Until recently, Europe was seen as losing out on batteries from major Asian manufacturers such as CATL (300750.SZ) in China, South Korea’s LG Chem (051910.KS) and Japan’s Panasonic (6752.T). Was, says Ilka von Dalwig. From EIT InnoEnergy, which has established a company network funded by the European Union in the “European Battery Alliance”.

“Nobody saw it as a problem,” says von Dalwig. “The thinking was that we could import battery cells.”

But forecasts from banks like UBS that EV sales will rise in the coming decade shook the political establishment and carmakers, and forced them to rethink battery production.

lots of battery plants

This was followed by an EU funding program of billions by car manufacturers and suppliers and the announcement of a major battery plant. Volkswagen is planning six battery plants in Europe alone, while Daimler will build four with partners.
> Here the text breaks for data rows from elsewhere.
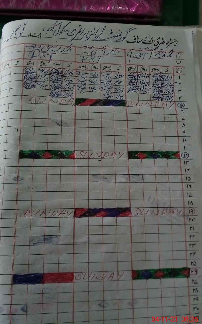 | Name: M.**** Designation: (School Headmaster's/Headmistress's) PST Phone/Cell Number: 03**** |
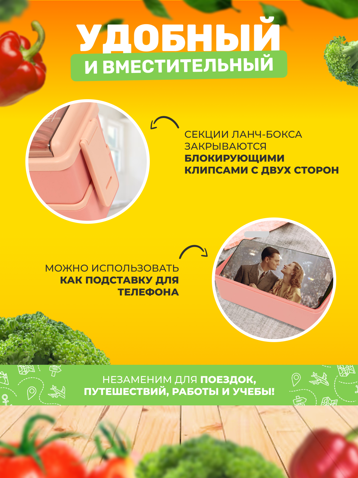 10 цен на Ланч-бокс отделениями и приборами, 1,4 л, розовый
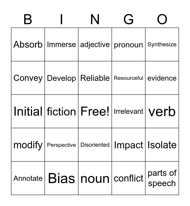 This bingo card has a free space and 24 words: Perspective, Bias, Reliable, Annotate, Synthesize, Absorb, Convey, Immerse, Irrelevant, Disoriented, Resourceful, Initial, Impact, Isolate, Develop, conflict, verb, adjective, evidence, fiction, parts of speech, modify, pronoun and noun.
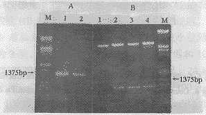 2.3阳性克隆插入DNA片段的鉴定分别提取克隆77#和79#的质粒,用EcoRI和SalI双酶切后,在琼脂糖电泳中可以看到除质粒片段外,还出现1条1.4kb的带(图3A)。与此同时,以克隆77#和79#的质粒为模板,利用上述引物进行PCR扩增,同样得到了1.4kb的条带(图3B)。
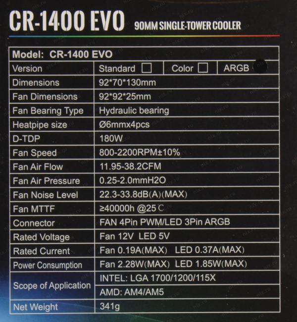 Совместимость охлаждения: Socket LGA1700, Socket LGA1200, Socket LGA1151, Socket LGA1150, Socket LGA1155, Socket LGA1156, Socket AM5, Socket AM4
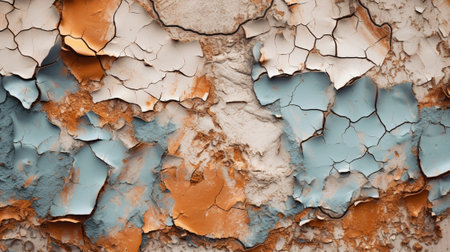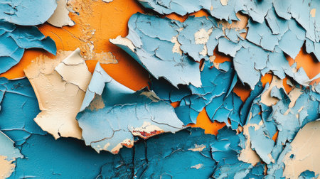 This close-up image captures a weathered surface with peeling paint in vibrant blue and orange hues, showcasing an artistic, textured backdrop ideal for creative projects.

Recently, battery cell factory announcements have been thick and fast, and EIT InnoEnergy now lists about 50 planned projects in the EU.
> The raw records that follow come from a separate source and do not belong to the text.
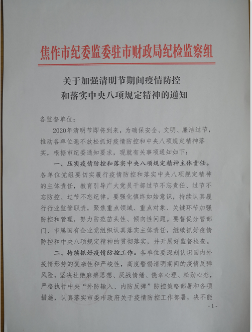 焦作市紀委監(jiān)委駐市財政局紀檢監(jiān)察組關(guān)于加強清明節(jié)期間疫情防控和落實中央八項規(guī)定精神的通知
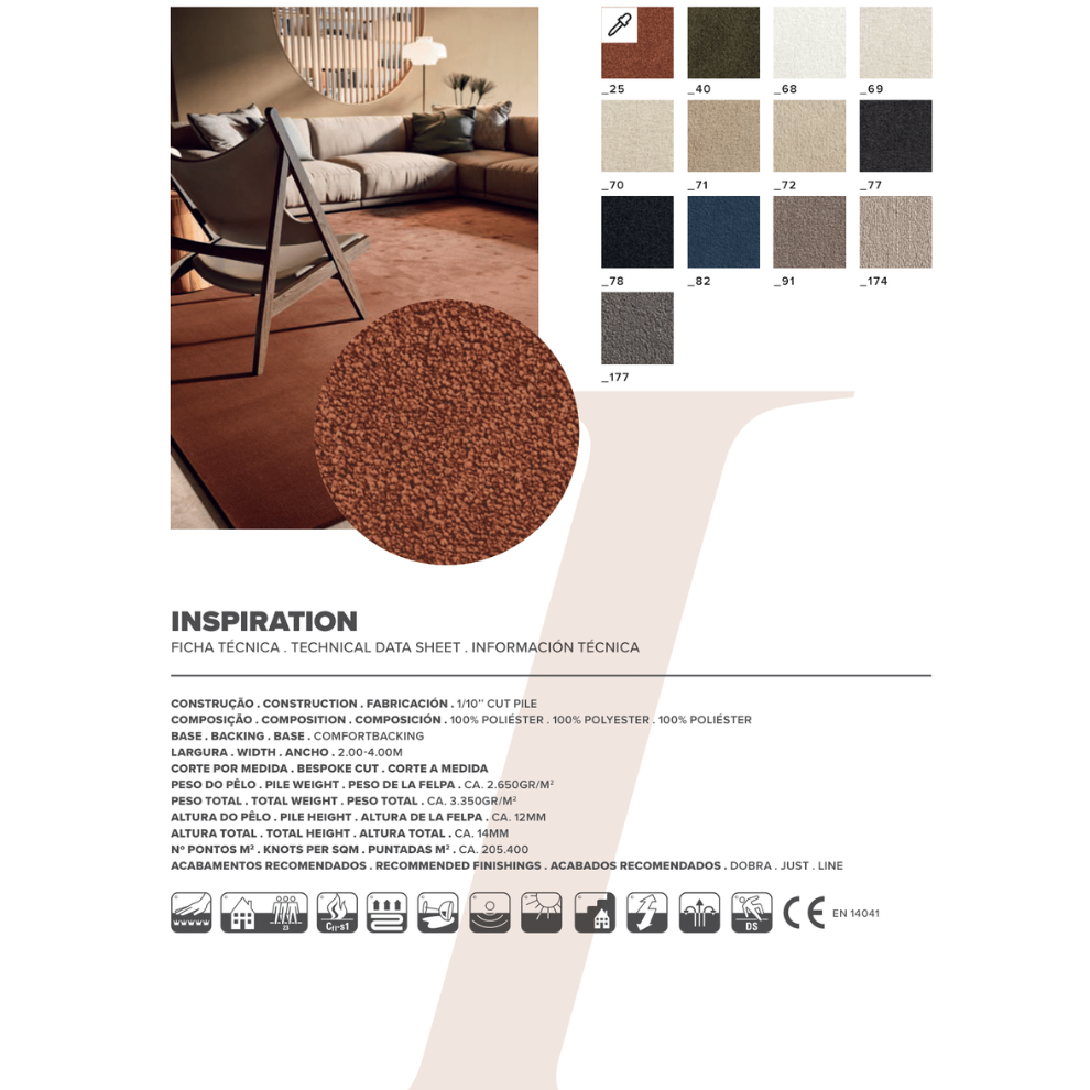 A Carpete Inspiração destaca-se pela sua densidade e firmeza, atributos específicos do polipropileno presente na sua composição.
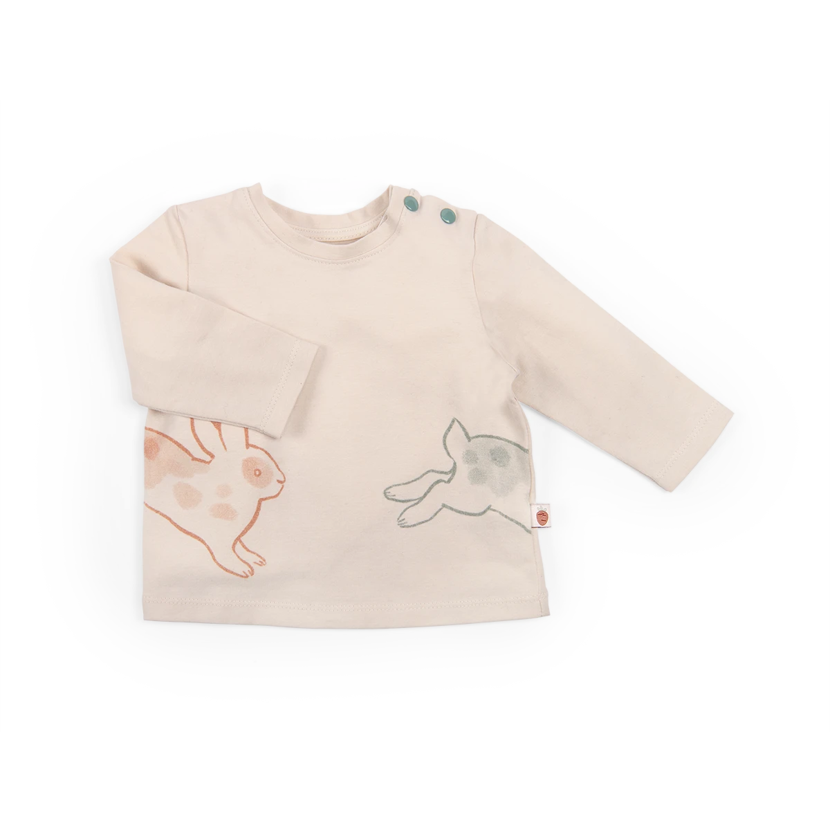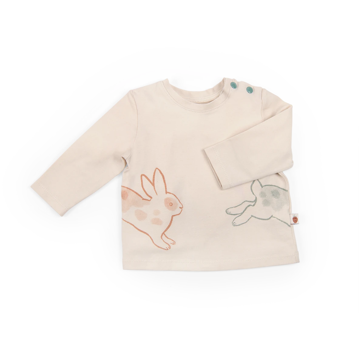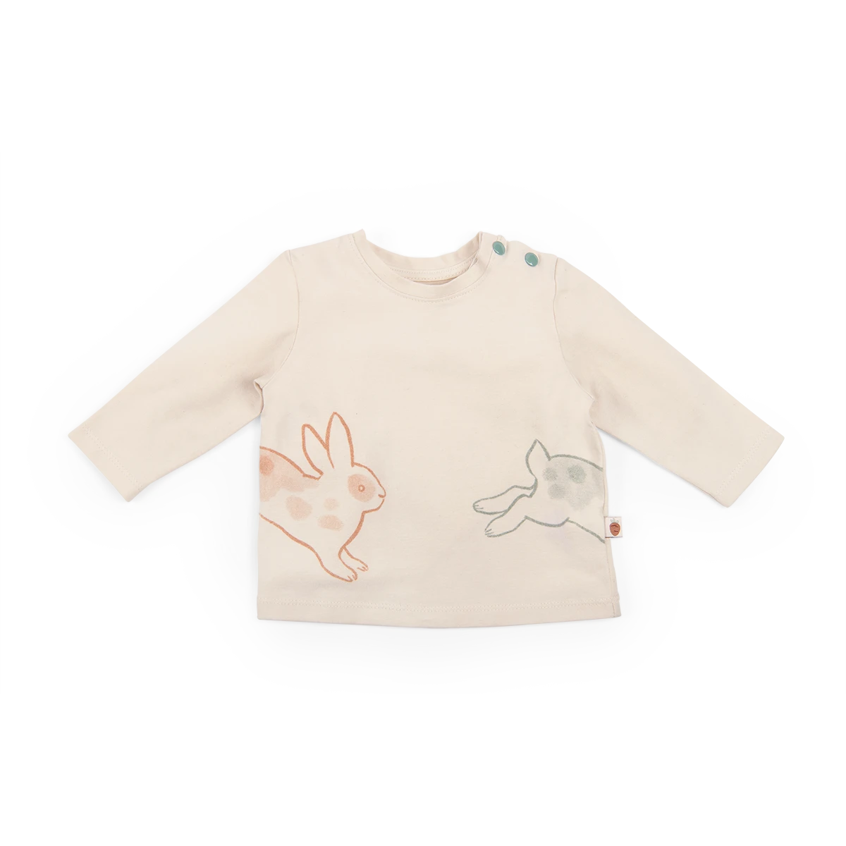 T-shirt crÚme en jersey de coton avec imprimé lapins. Boutonspression contrastés aux épaules. Finition carbone et intérieur gratté.

If all those plans become a reality, local production should meet demand around 2030. About 640 gigawatt hours (GWh) will be available, enough for an average annual production of 13 million cars.

By 2030, Ultima Media estimates supply will be 2,140 GWh globally, with demand at 2,212 GWh.
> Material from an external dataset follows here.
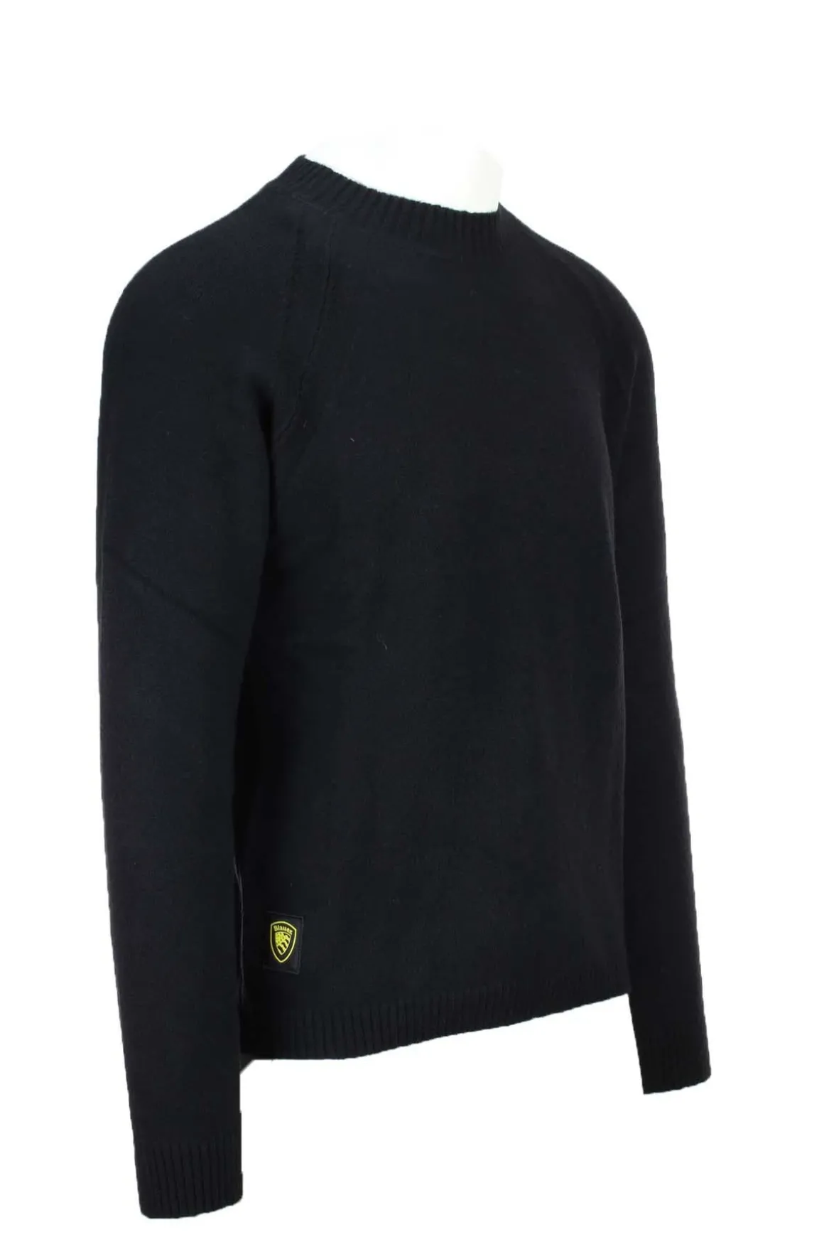Maglia uomo Blauer realizzata in morbido filato misto lana, collo cratere, maniche raglan, polsini e fondo vita elasticizzati, logo Blauer, vestibilità regolare, 44% acrilico, 25% poliammide, 18% poliestere, 13% lana.

Altima Media’s Harrison Project Volkswagen’s six planned plants will allow the Wolfsburg-based company to meet about two-thirds of its battery needs.

supply chain gap

The problem is with raw materials such as lithium, nickel, manganese and cobalt.

Market experts at Benchmark Mineral Intelligence (BMI) speak of the “great raw material disconnect” – high investment in SAIL factories, but missing investment in raw material extraction.

Within a year, the price of lithium carbonate has more than doubled, explains Casper Rawls, head of price and data analysis at BMI.

In the case of cobalt, where the largest reserves are located in the Democratic Republic of the Congo and are sometimes extracted under miserable working conditions, an increase in price is also expected.

At the beginning of the supply chain, new mines take about seven years to develop.

“Europe is not the only region raising its e-car goals and reducing CO2 emissions,” Rawls said.

A global race is underway.

The automotive industry is currently facing painful production disruptions due to semiconductor shortages.

Some carmakers, including Volkswagen, are trying to secure the supply of raw materials with special supply contracts.

So far, lithium has mainly come from Australia and Chile, cobalt from Congo and graphite from China. The largest processors of cathode and anode materials are also located there and in Japan.

But imports could become more expensive due to increased tariffs in trade disputes and hampered by logistics problems, as shown in the recent tanker accident blocking the Suez Canal.

And long trips are bad for those focused on making batteries with as little CO2 emissions as possible.

domestic resources

One answer is investment in the extraction of raw materials in Europe – lithium is exclusively available.

Startup Vulcan Energy is working on obtaining lithium CO2-neutralally from thermal waters in Germany’s Upper Rhine plain and has already signed up Renault (RENA.PA) as a customer.

“We will need a lot of projects like Vulcan Energy – with one in each European country giving us the opportunity to build a supply chain in Europe,” Harrison says.

By 2030, EIT InnoEnergy estimates that Europe could have a quarter of the raw materials it needs, so is working on raising more funds that could trigger further investments.

Recycling is another option. But even here Europe is far behind China.

Currently, quality issues mean that only 10% to 20% of demand can be met from recycled materials, von Dalwig says.

There is a risk that the transition to e-mobility will be slow, Harrison says.

He says, however, that he believes the European Commission and EU member states will have to take action – such as more subsidies for the exploration and recycling of reserves – “because there is so much at stake both economically and ecologically.” Is.”